12:01 PM on 05/15/2012
I was in six weddings before my own, and for two of them I was the MOH. This was 25 years ago, when the MOH wasn't expected to foot the bill for Vegas, and the wedding party wasn't expected to pay for their clothing AND the travel fees associated with a destination wedding.
When I had my wedding, I chose a dress that was in the $100 range for my bridesmaids. It was cocktail length, black, and definitely reuasble for other occasions. Our bachelorette night was at a local club and everyone paid their way and split the cost of my drinks of their own choice. If any of my bridal party had expressed concerns to me about the cost of things I would have helped them out by purchasing their dress or paying part for it. I didn't choose my bridal party based on their wallet size. I chose them because they are my friends and I wanted them to share my special day with me just as I shared theirs with them.
11:59 AM on 05/15/2012
I was married before my best friend and, of course, she was my MOH. She was young, so I tried not to expect too much from her. Unfortunately, she was a ghost whenever I needed her for her opinion (not money) on dresses or even the bridal shower (which she was not only LATE for, didn't pitch in one dime for, and wanted to leave early to go on a date with her boyfriend of 2 weeks.) When her wedding rolled around not too long ago, I was picked to be MOH and my 2 year old was the flower girl. I am older and much more mature than I was 6 years ago (when I got married), so I did everything I could to be a great MOH. I threw her a cute bridal shower (which all the other bridesmaids were MIA for when I asked for help), bought the ugly $100 dress, made a nice toast, stayed after the reception to clean up and made sure the cabin that the bridal party was staying at was in tip-top shape before leaving so that the bride & groom could get their hefty deposit back.

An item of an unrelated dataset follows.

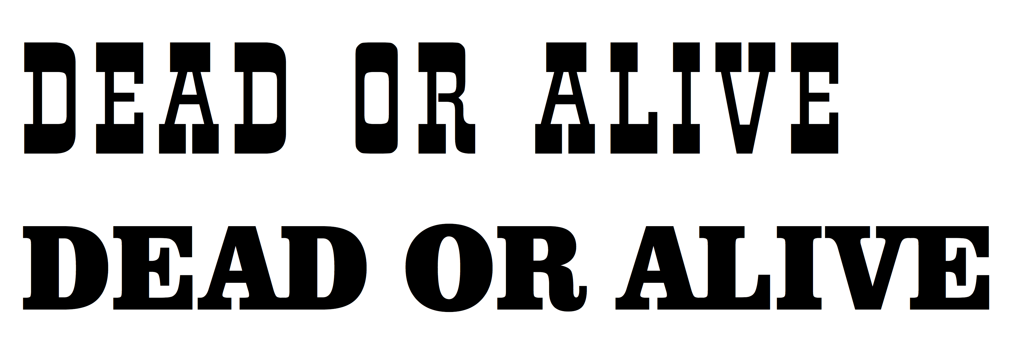 French Clarendon type compared to condensed but normal-style Clarendon type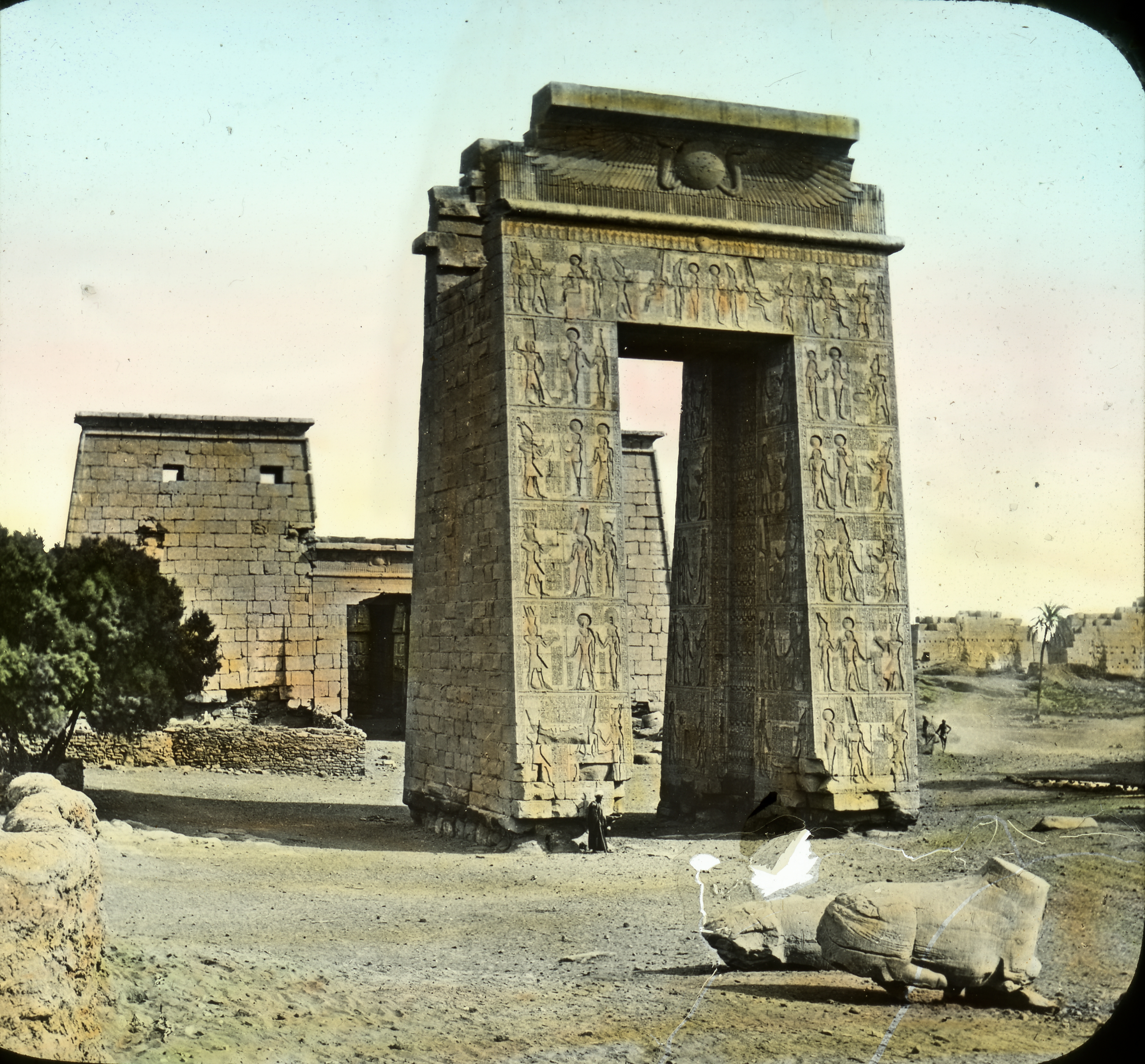 View 02: Egypt - Karnak. Gate and Pylon., n.d., T. H. McAllister, Manufacturing Optician. 49 Nassau Street, New York. A Thousand Miles up the Nile. G.W.W. Brooklyn Museum Archives (S10.08 Karnak, image 9922).

All in all, it just comes down to how good of friends you are. If you are able to forgive & forget, the whole failing as an MOH thing isn't that big of a deal. =)
04:21 PM on 05/15/2012
Your MoH's responsibility is to buy a dress. That's it. People live their own lives. She didn't fail as a MoH. She bought the dress and stood by your side on your wedding day.
09:07 PM on 05/15/2012
She bought her dress (a whopping $74.11), made a bunch of promises ( I did not, BTW, expect her to shell out a ton of $$$ that she didn't have) and then was a "ghost" when I could have really used someone to talk to. No, the MOH does have responsibilities: be there for the bride, pay for her dress and help out where needed. Again, "help out where needed" doesn't mean emptying her bank account for a selfish, self-centered bride. Simply pick up your phone when the bride wants to talk, do some shopping with her to make the experience more fun and just be the friend you're suppose to be.